South Bend

Photo by Sarah Day


To enjoy the variety of small community interests along the Willapa, be sure to take a short 45-minute drive along Hwy 101 to South Bend, the Oyster Capital of the World. Here you can visit the historic Pacific County Courthouse, with its magnificent art glass dome. The Courthouse, erected in 1910, is on the National Register of Historic Places.

South Bend wasn’t always the seat of Pacific County. From 1855 until 1893, Oysterville at the tip of the Long Beach Peninsula served as official county seat.
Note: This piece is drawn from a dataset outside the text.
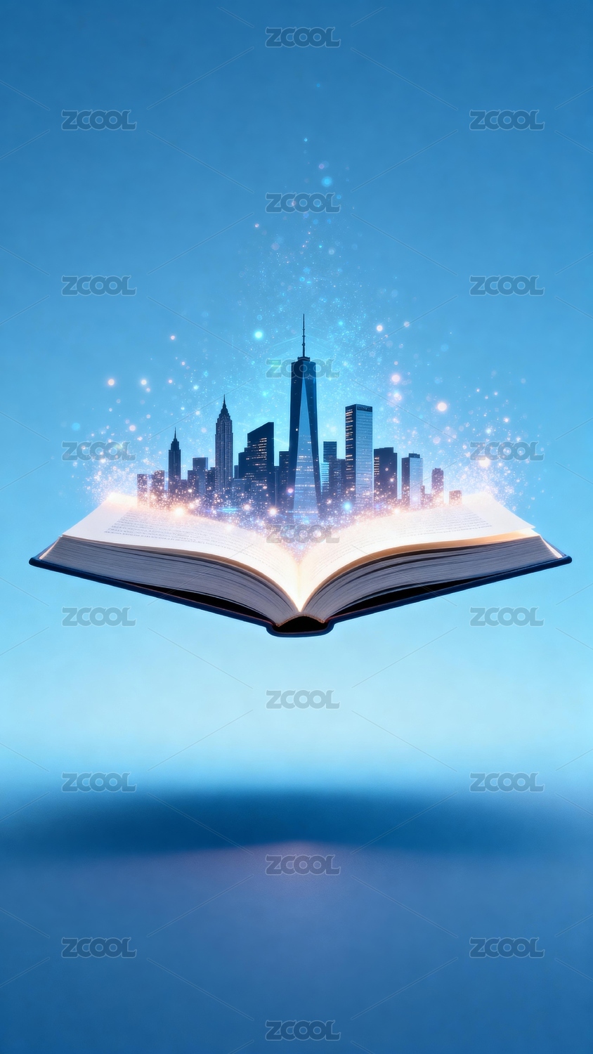 魔法书,高楼大厦,模型,全息,夜晚,奇幻,璀璨,3D世界,灯光,未来城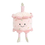 Celebrate every day like it's your birthday with Mon Ami's delightful plush Happy Cake! Where sweetness and softness come together in the most playful way. This cuddly creation is a dream in velvety pastels, with a frosting of plushy swirls in creamy white that invites endless snuggles. Atop this fluffy cake sits a single striped candle, perfectly matching its cute, dangling legs. But the real star of the show is it's big, joyous smile framed by multicolored, embroidered sprinkles that sparkle with happiness! Embrace the fun, feel the magic, and let every day become a celebration!

However, the South Bend community designated itself as county seat in 1892 and, when a lawsuit didn’t persuade Peninsula residents to turn over the courthouse, South Bend citizens one dark night, crossed the Willapa and ‘removed’ the records that following year.

While in the Courthouse, enjoy the painted scenes showing early County life. Look closely at the columns on the second floor; these were painted by a fellow who was inhabiting the local jail at a time when it became clear that the amount of money budgeted for the building would not cover all of its costs. Drawing on local expertise, the Commissioners instructed this artist, who just happened to be in jail at the time, to paint both the murals and the columns. To keep up the appearance of the building, he painted the columns to mimic marble.

Also located in South Bend is the County Museum and Historical Society. Easily found on the main road (hwy 101), the Museum has a great selection of local history, a bookstore and personnel who can provide you with maps and information about the area.